Page 1 of 1

Splitting CamelCase words in Unicode?

Posted: Sun Oct 14, 2012 2:39 am
by dfhtextpipe
I have a non-English text that includes lots of CamelCase words.
The language is based on an extended Latin alphabet with various diacritics.
The text is encoded as UTF-8 (without BOM) and the Unicode is normalized NFC.

The following regexp can find them when used in the Notepad++ search feature:

Code: Select all

[a-zàáãèéìíòóõùúṣẹẽọ][A-ZÀÁÃÈÉÌÍÒÓÕÙÚṢẸẼỌ]
(with Match case ticked)

Now supposing I'd like to use TextPipe to split these words where the CamelCase case-change is found.
i.e. where a lowercase letter is followed by an adjacent uppercase letter.
e.g. Change "CamelCase" to "Camel Case".

How should I do this in TextPipe?
i.e. What is the simplest method to implement this requirement?

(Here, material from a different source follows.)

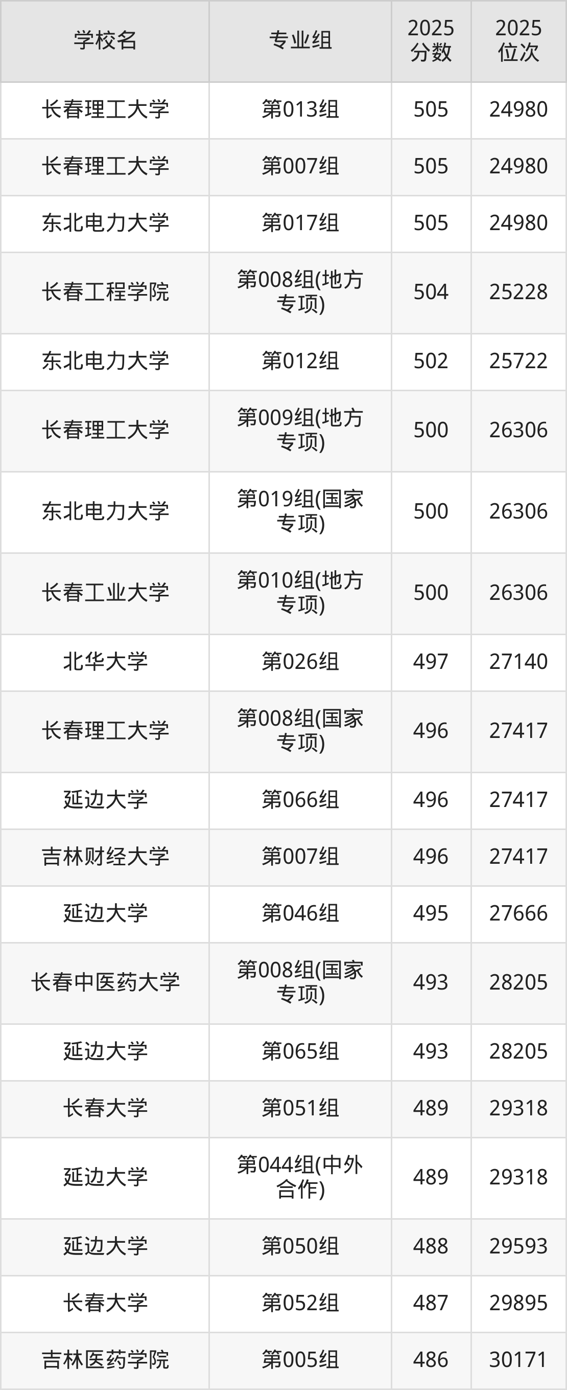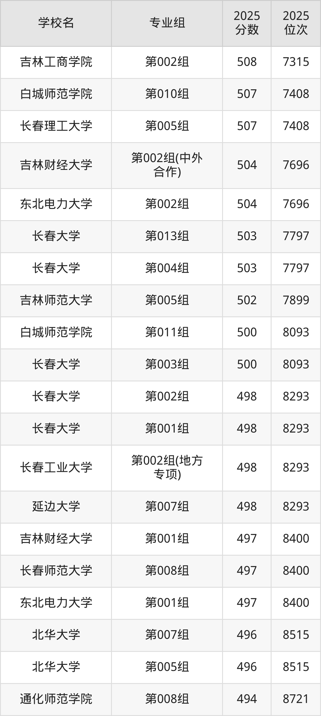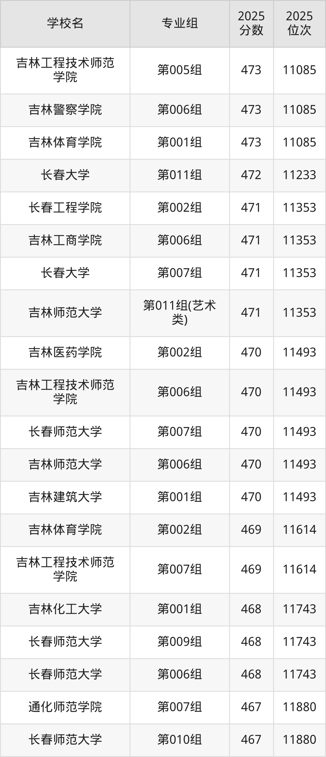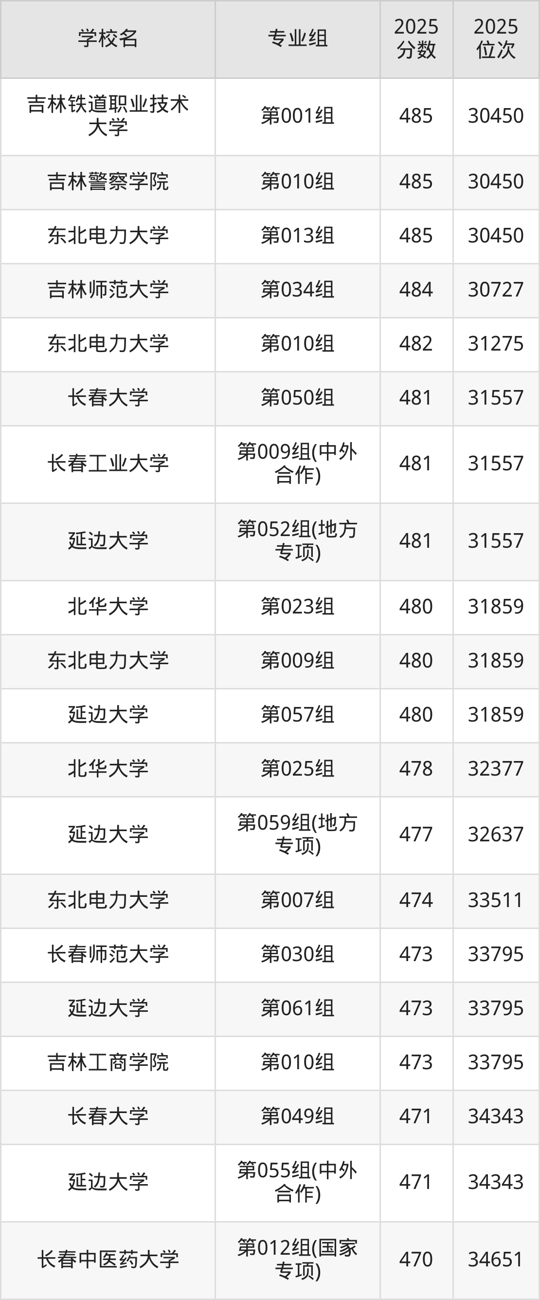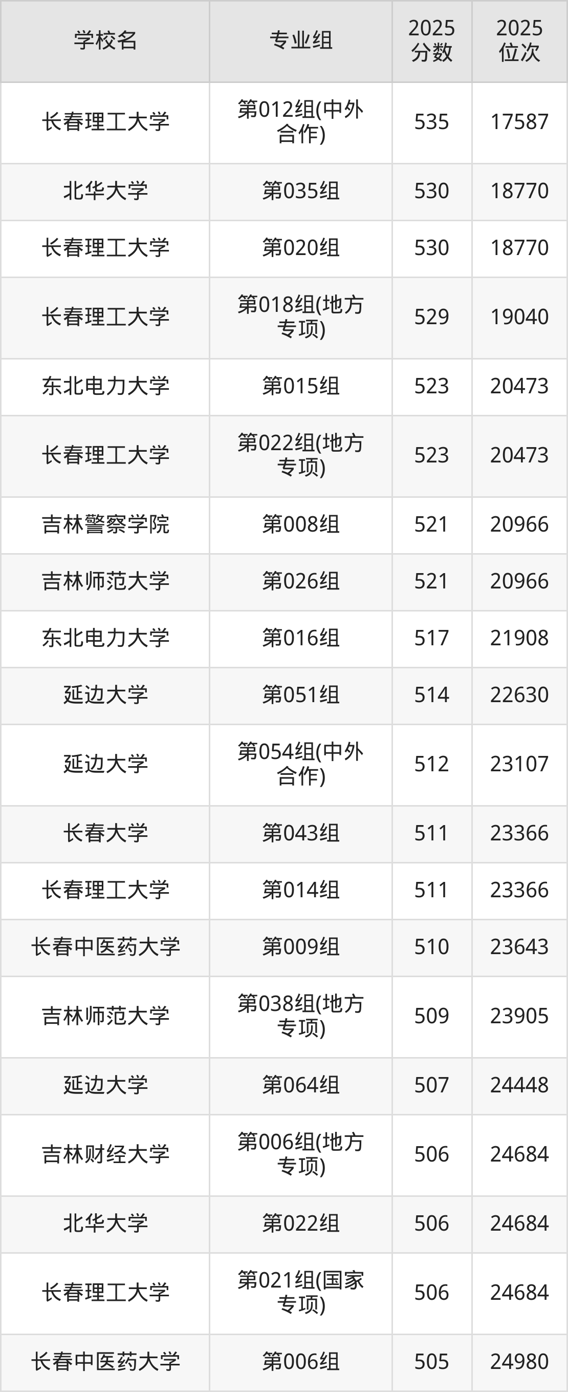 吉林省所有公办本科院校2025年录取分数线一览表(前100院校专业组):

Bear in mind that I can't just paste this code into a Perl replace filter:

Code: Select all

Replace ([a-zàáãèéìíòóõùúṣẹẽọ])([A-ZÀÁÃÈÉÌÍÒÓÕÙÚṢẸẼỌ]) by $1 $2
with Match case ticked.
I can do this in NotePad++ but this sort of thing simply doesn't work in TextPipe.

If it's so easy in Notepad++, then why is it so difficult in TextPipe?


David

Re: Splitting CamelCase words in Unicode?

Posted: Mon Oct 22, 2012 8:29 am
by DataMystic Support
Hi David,

Did you check the 'Enabled UTF-8 support' option in the perl pattern extended options?

I pasted the expression you entered, added Match Case, and it worked fine on the 'CamelCase' sample text.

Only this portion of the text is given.